Law & Courts

Court Hears Arguments Over Sports Group’s Legal Status

By Mark Walsh — October 18, 2000 4 min read

The U.S. Supreme Court last week delved into the regulation of high school sports for the first time as it considered whether a state athletic association acts with government authority in enforcing its rules.

The case involves Brentwood Academy, a private Christian school near Nashville, Tenn., that is pressing a constitutional challenge over the recruiting rules of the Tennessee Secondary School Athletic Association. The question before the high court is whether the TSSAA is a “state actor” whose actions are subject to scrutiny under the U.S. Constitution.

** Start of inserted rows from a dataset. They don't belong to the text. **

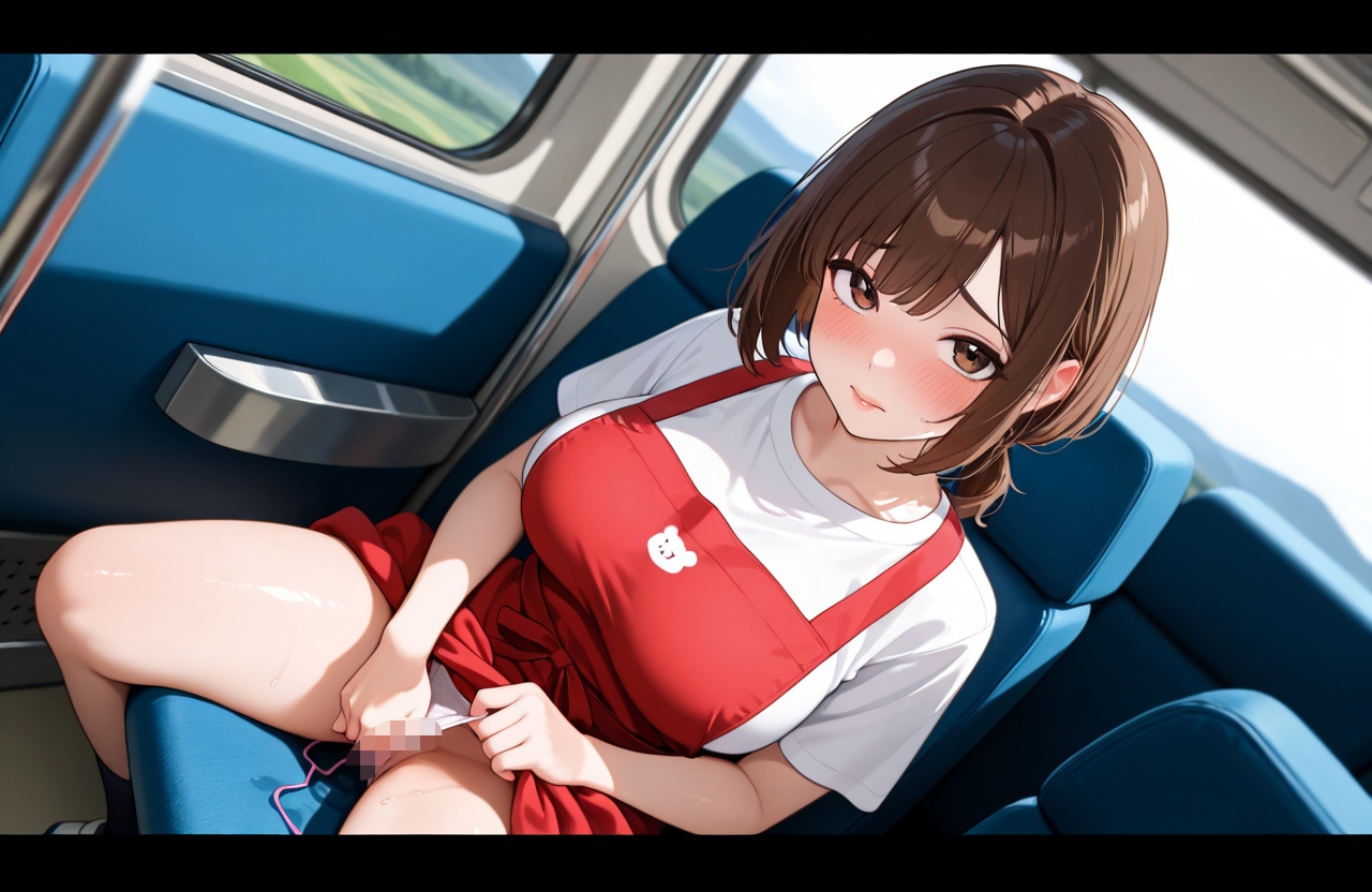 夕闇迫る路線バスの車内。二列シートの向かい合わせの席で、あなたは驚愕の光景を目撃する。そこにいるのは、まだあどけない顔立ちの彼女。清楚な学生服を思わせる装いが、この背徳感をさらに引き立てます。他の乗客に気づかれないように、スカートの中で密かに自慰に耽っているのです。
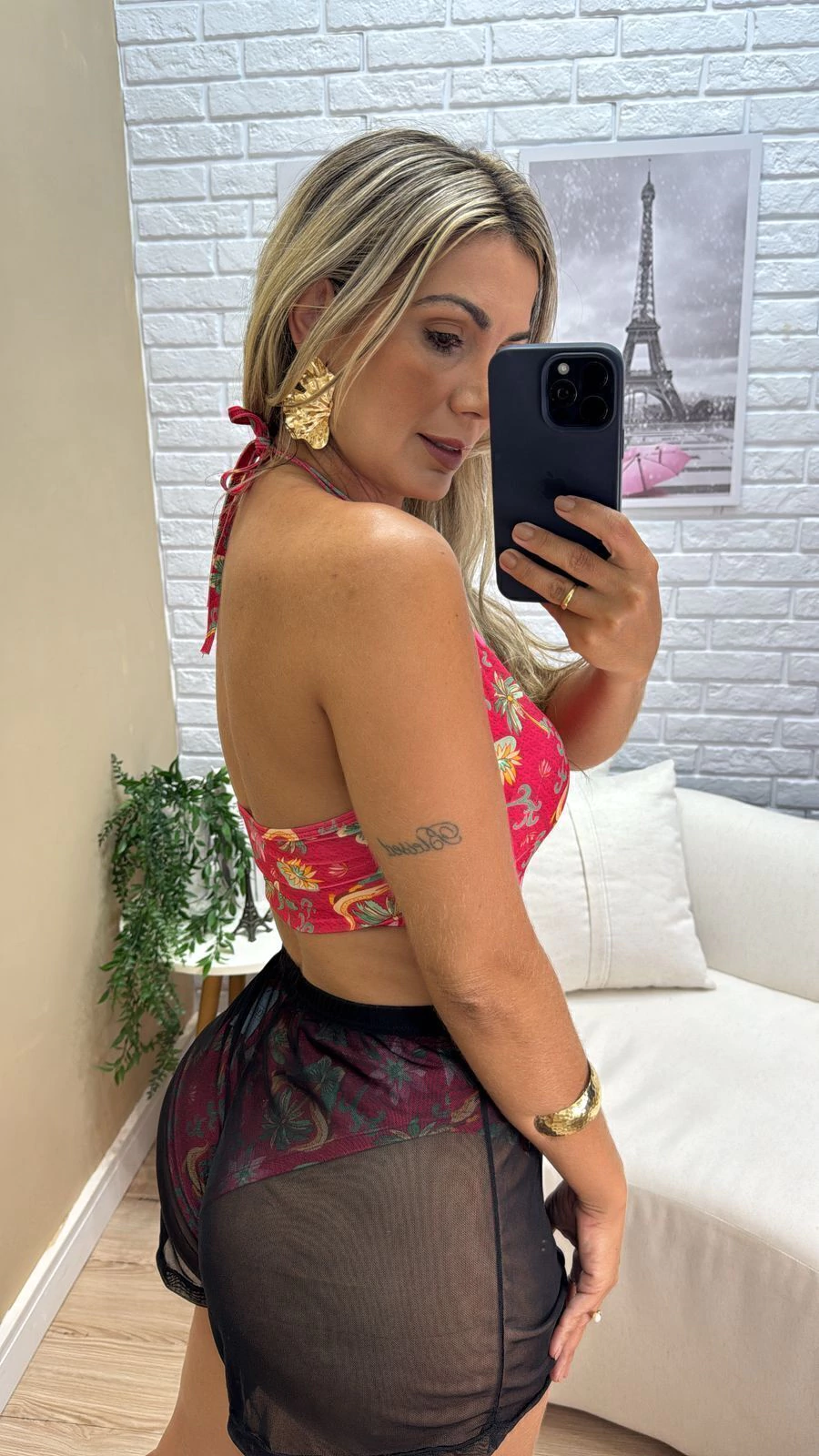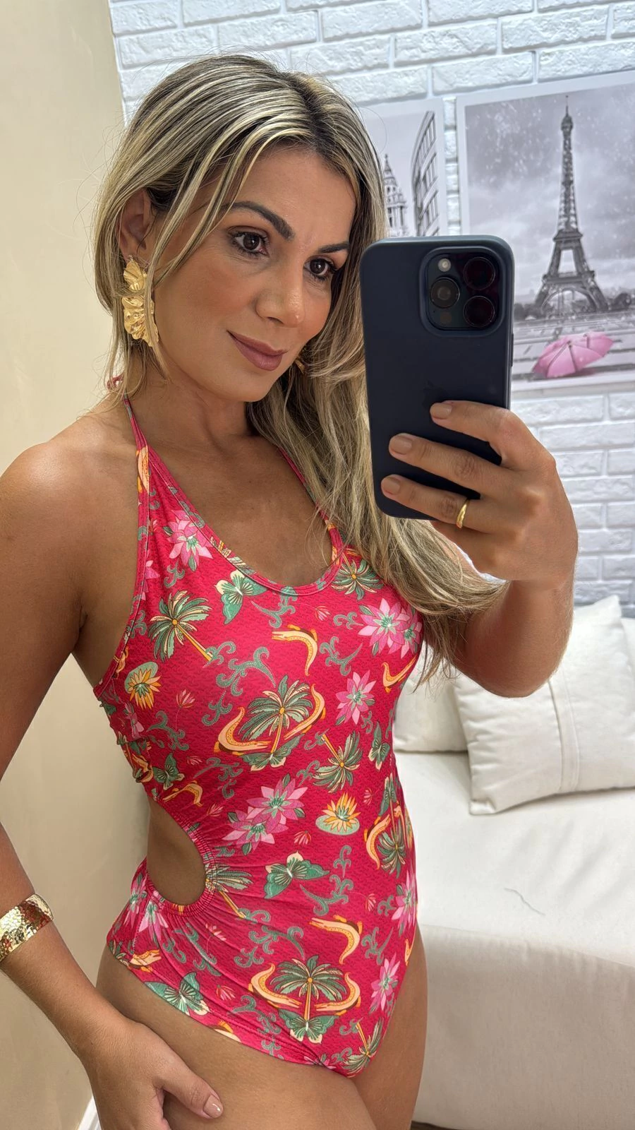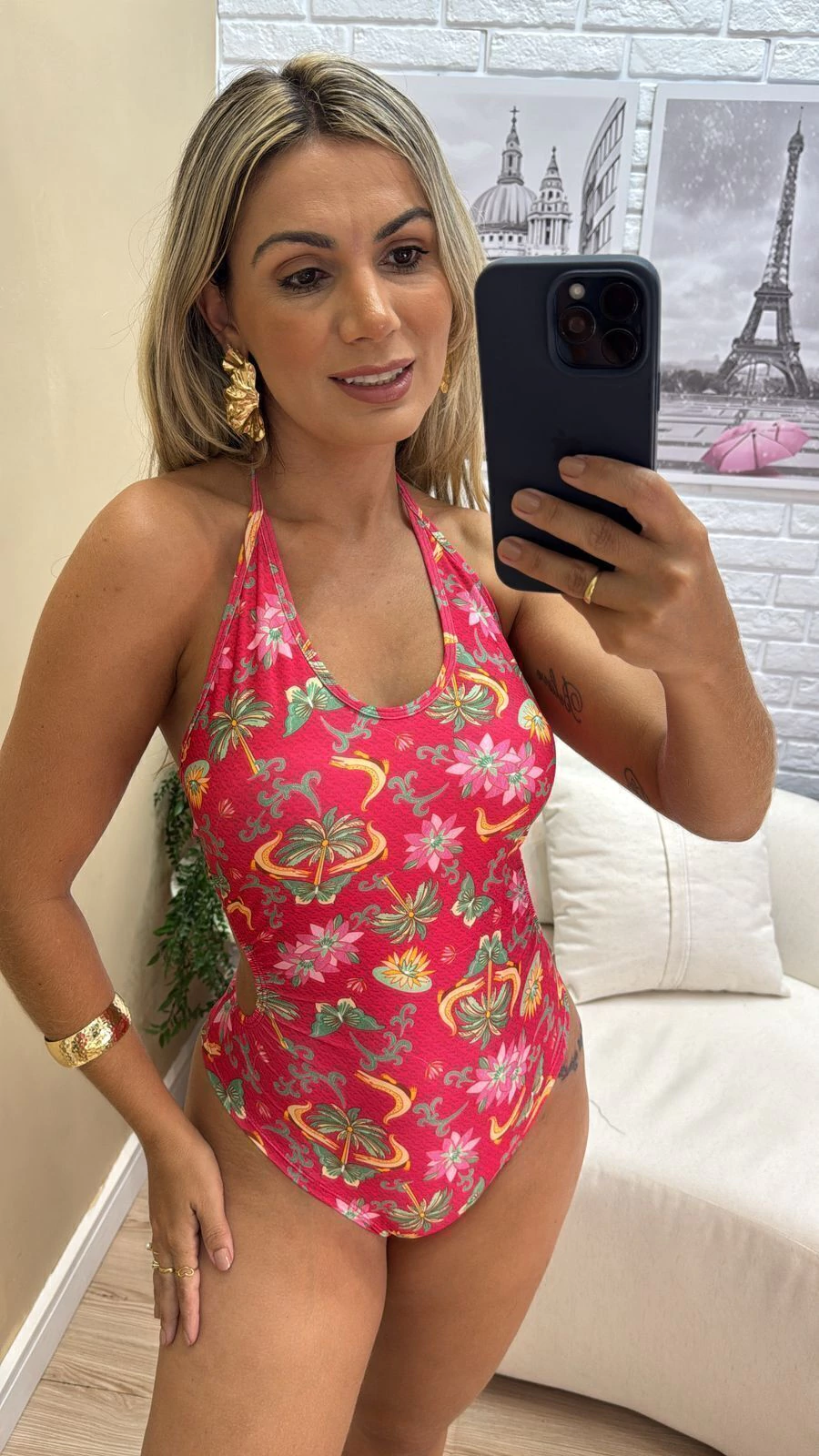Seu design apresenta um decote em U que valoriza o colo, enquanto a abertura nas costas com recortes e a amarração no pescoço garantem um toque moderno e sensual. O modelo tanguinha completa o visual, proporcionando um caimento que destaca as curvas com delicadeza.
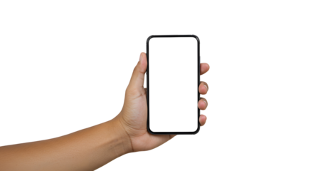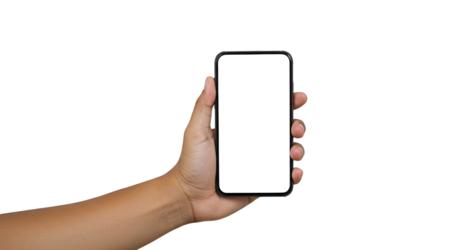 Hand holding a smartphone with blank screen isolated on transparent background for mockup template advertising and branding technology concept
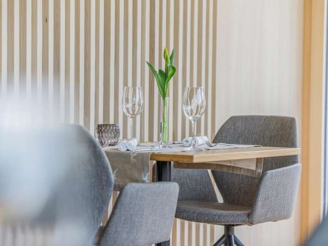 Im Restaurant des Hotels werden traditionelle Vorarlberger Küche sowie internationale Gerichte angeboten. Ein tägliches Frühstücksbuffet sorgt für einen energiegeladenen Start in den Tag. Zudem sind spezielle Speisen für Ernährungsbedürfnisse auf Anfrage erhältlich.
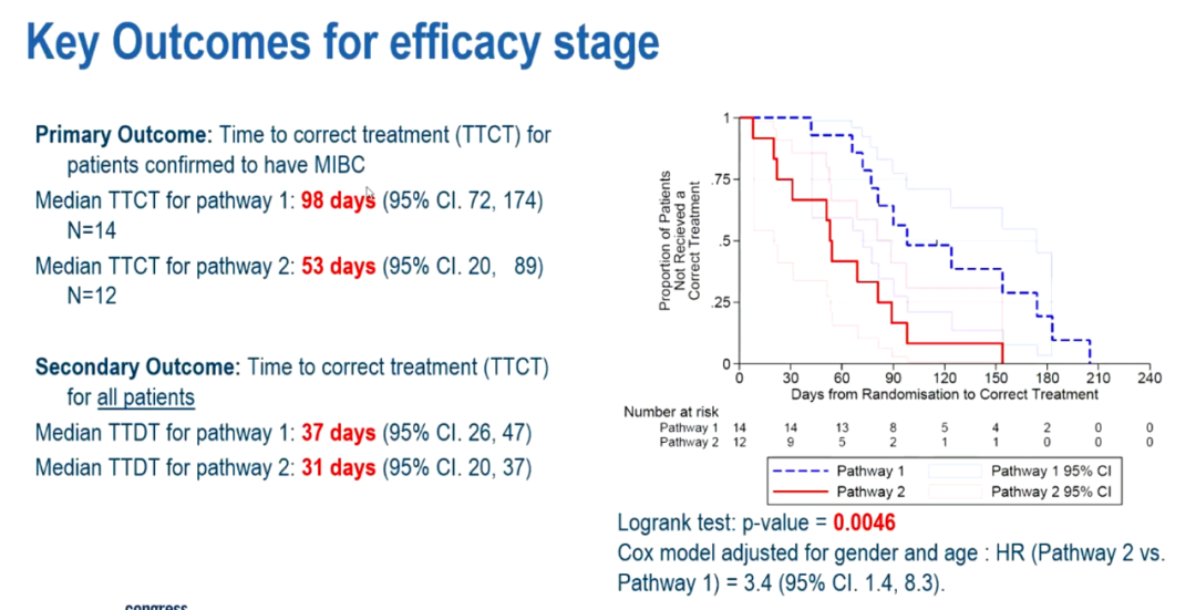 结果:在2018年5月至2021 12月期间,143名患者被随机分组,中位年龄74岁,47.9%可能为NMIBC,52.1%可能为MIBC。可行性阶段:95%(37/39;95%CI:83~99%)MIBC患者遵循正确路径。有效期:途径1(标准TURBT),MIBC获得正确治疗决策的中位时间为98(95%CI:72~174)天;途径2(基于MRI和活检)为53天(95%CI:20~89),二者危险比为3.4(95%CI:1.4~8.3)。Logrank检验:P值=0.0046。次要结局包括所有患者获得正确治疗决策的中位时间:路径1为37天,路径2为31天;HR为1.3(95%CI:0.9-1.8)。
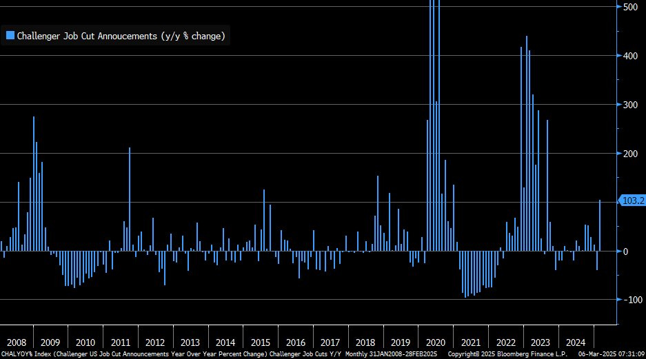 In adding on to recent growth fears, February Challenger job cuts surged to the highest level since ‘20 & was the largest spike since August ‘23… granted, jobless claims came in better than expected at 221k vs. 242k prior, but Challenger job cuts more so got all of the headlines as it tends to be a leading indicator & a big driver of the surge was due to DOGE cutting govt. / federal jobs.
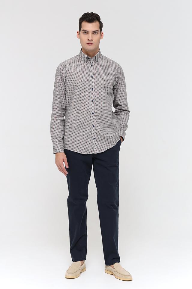 Крой брюк – прямой, что делает их универсальными для различных типов фигуры. Модель оснащена стандартными карманами, включая задние в рамку. Застежка – молния и пуговица. Данные брюки станут отличным дополнением к вашему повседневному или деловому гардеробу.
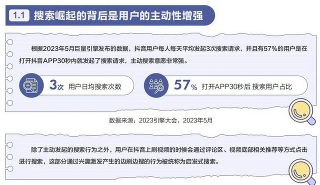 从用户层面来看,抖音用户有着非常强烈的搜索欲望。2023年巨量引擎数据显示,抖音用户每人每天平均发起3次搜索请求,并且有57%的用户是在打开抖音APP的30秒内就发起了搜索请求。
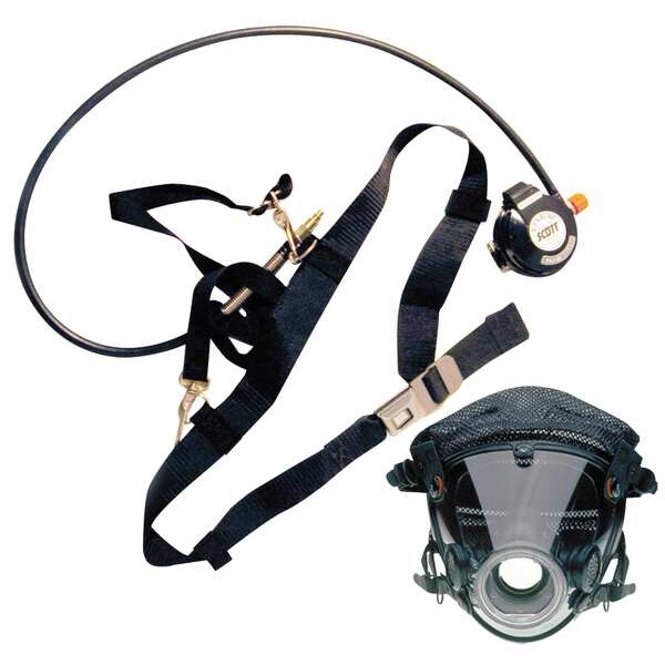 Pressure Demand Airline Respirator, Type C, Includes E-Z Flo Modulair Regulator, Medium AV-2000 Full-Facepiece Respirator with Polyester Head Harness, Nylon Harness, Full Facepiece, Headgear Size M, Scott E-Z Airline
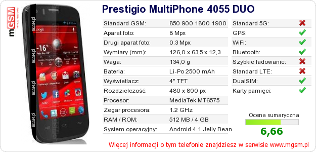 Dane telefonu Prestigio MultiPhone 4055 DUO na Twojej stronie
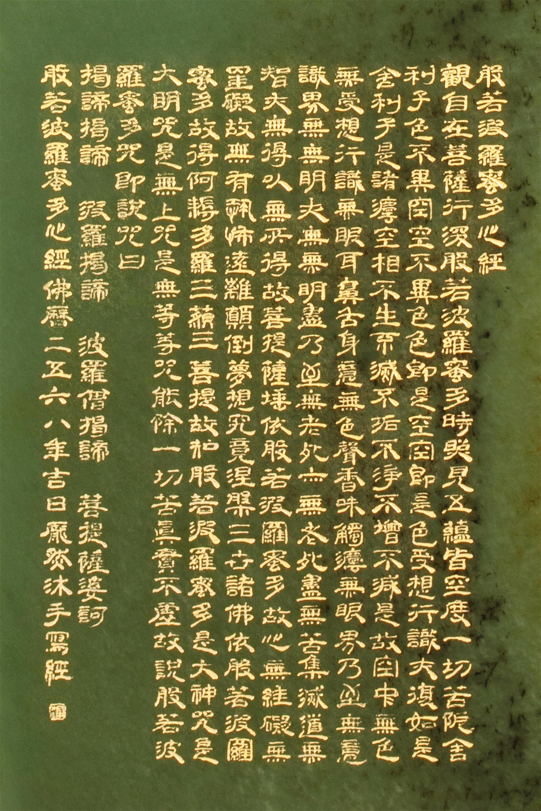 庞然为作品添上点睛之笔,在绿玉经柱上镌刻金字“般若波罗蜜多心经”等铭文,这些文字在光影中熠熠生辉,增添了作品的神秘与庄重,传达着悠久的佛教文化与深邃的人类智慧。这些细节不仅是艺术的展示,更是文化与信仰的传递。
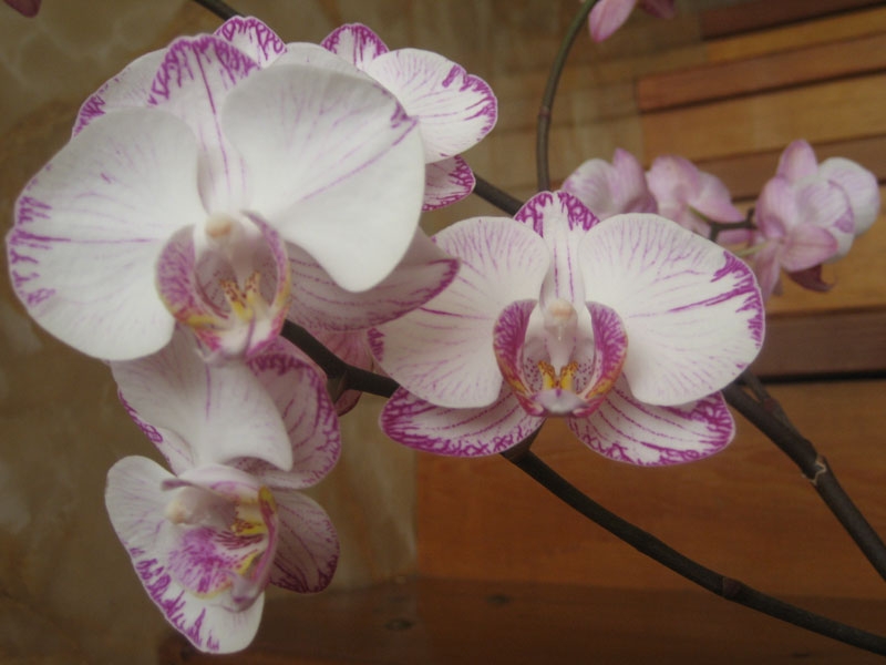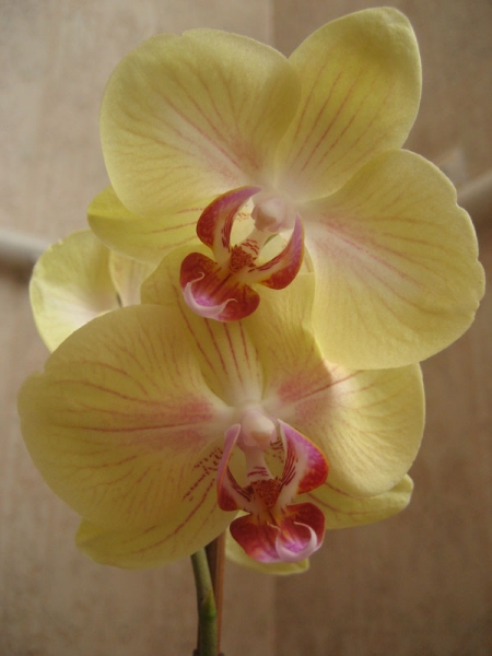 Запах очень сильный карамельно-кисло-сладкий, очень приятный. Цветение, к сожалению, магазинное, сейчас активно растит молодые росты, корни. Куплена свежайщей в первый день завоза на склад, тем не менее растение было жестоко залито и пыталось от корня загнить. В общем, пока реанимация, а там, если, ттт, все будет нормально, подумаем и о цветении, пока не до него
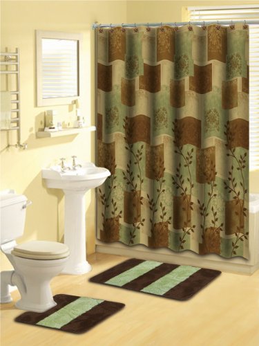 Empire Home 331 Luxury Polyester 15-piece Bath Set, Brown & Green with Ceramic Hooks
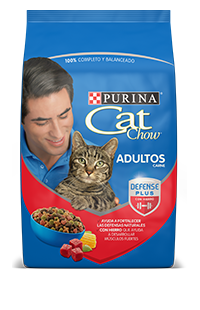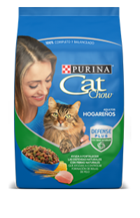 El nuevo PURINA® CAT CHOW® HOGAREÑOS CON DEFENSE PLUS ofrece los nutrientes que tu gato necesita para mantenerse saludable. Contiene fibras de soya y celulosa, que ayudan a controlar la formación de bolas de pelo.
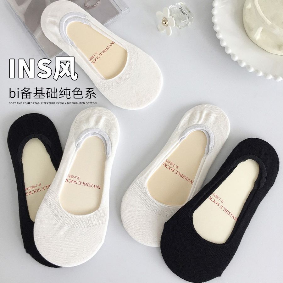 Women's Socks Summer Boat Socks Non-Slip Tight Thin Invisible Socks All-Match Socks Black and White Classic Trendy Ins

“There is nothing really private about this organization. It is controlled by public schools,” the school’s lawyer, James F. Blumstein, contended during the Oct. 10 oral arguments in Brentwood Academy v. Tennessee Secondary School Athletic Association (Case No. 99-901).

But the lawyer for the TSSAA argued that the association is a private group regulating an activity—interscholastic sports—that is not a core function of the state education system.

“Brentwood made a private choice to join the TSSAA,” Richard L. Colbert, the association’s lawyer, told the court. “Now it doesn’t want to follow the rules.”

But several justices appeared skeptical of the view that the TSSAA is a purely private group.

Justice Ruth Bader Ginsburg noted that students can get high school course credit for participation on sports teams. Justice David H. Souter said that interscholastic athletics “are part of the educational scheme.”

And Justice Anthony M. Kennedy pointed out that the association’s legislative council is chosen by the principals of member schools, a majority of which are public schools.

“Isn’t the principal, when casting his vote, acting in a state capacity?” he suggested to Mr. Colbert.

Constitutional Gap

The case began in 1997, when Brentwood Academy was investigated for several alleged recruiting violations. Like many other state athletic governing bodies, the TSSAA prohibits its member schools from using “undue influence” in attracting student athletes.

As a result of the investigation, Brentwood—a perennial athletic powerhouse that has won nine Tennessee football championship —was punished for three rules violations. (“High Court To Referee Football Dispute,” Oct. 4, 2000.)

The school sued the TSSAA in federal district court, arguing that an interpretation of the recruiting rule barring communication with prospective student athletes violated the school’s First Amendment right of free speech. Brentwood won in district court, but the U.S. Court of Appeals for the 6th Circuit, in Cincinnati, ruled last year that the TSSAA could not be sued on constitutional grounds because it is not a state actor.

Brentwood was joined in its Supreme Court appeal by the Clinton administration.

“When a group of public schools—all state actors—joins together to run a program, that association is a state actor, too,” Barbara D. Underwood, a deputy U.S. solicitor general, told the justices last week.

“If this association is not a state actor, then a gap will open in constitutional coverage of school programs,” she added.

Brentwood has also been joined by advocates of girls’ participation in school sports, who filed a friend-of-the-court brief expressing concern that they could lose the ability to sue state athletic associations over alleged unequal opportunities for girls.

Justice Ginsburg, who was active as a women’s rights advocate in her earlier legal career, appeared sympathetic to those arguments. If state athletic associations are not state actors subject to the Constitution, “schools could decide, ‘We aren’t going to have any teams for girls,’” she said.

“But an individual public school could not do that,” Mr. Colbert replied. He noted that even if a state athletic association could not be sued on constitutional grounds, the public schools themselves could be sued for any constitutional violations.

According to a friend-of-the-court brief filed in support of the TSSAA by several other state associations, 45 states have athletic governing bodies that are nominally private. Besides the District of Columbia, only the athletic governing bodies in California, Delaware, Maryland, New York, and Nevada are operated or controlled by the state department of education or some other state agency, according to the brief.

The case is expected to be decided by next summer.

Board Cases Denied

Separately last week, the justices:

•Heard arguments Oct. 11 in Board of Trustees of the University of Alabama v. Garrett (No. 99-1240), a case that will determine whether Congress exceeded its constitutional powers in making several key provisions of the Americans with Disabilities Act applicable to the states and local governments.

•Declined without comment on Oct. 10 to hear an appeal from the members of the Portsmouth, Ohio, school board of lower federal court decisions that board members do not have legislative immunity for their actions. The board members argued in their appeal in Apel v. Canary (No. 00-176) that those decisions conflict with a 1998 Supreme Court ruling that municipal legislators are immune from lawsuits over their official actions.

•Refused to hear the appeal of an Essex Junction, Vt., school board member who argued that his right to due process of law was violated when other board members voted to censure him. According to court documents, colleagues of board member Stanley LaFlamme found him difficult to work with. Their censure motion called on Mr. LaFlamme to follow principles of “good boardmanship.” Mr. LaFlamme said the censure had made him an “outcast” and led to his defeat for re-election. His appeal was LaFlamme v. Essex Junction School District (No. 00-173).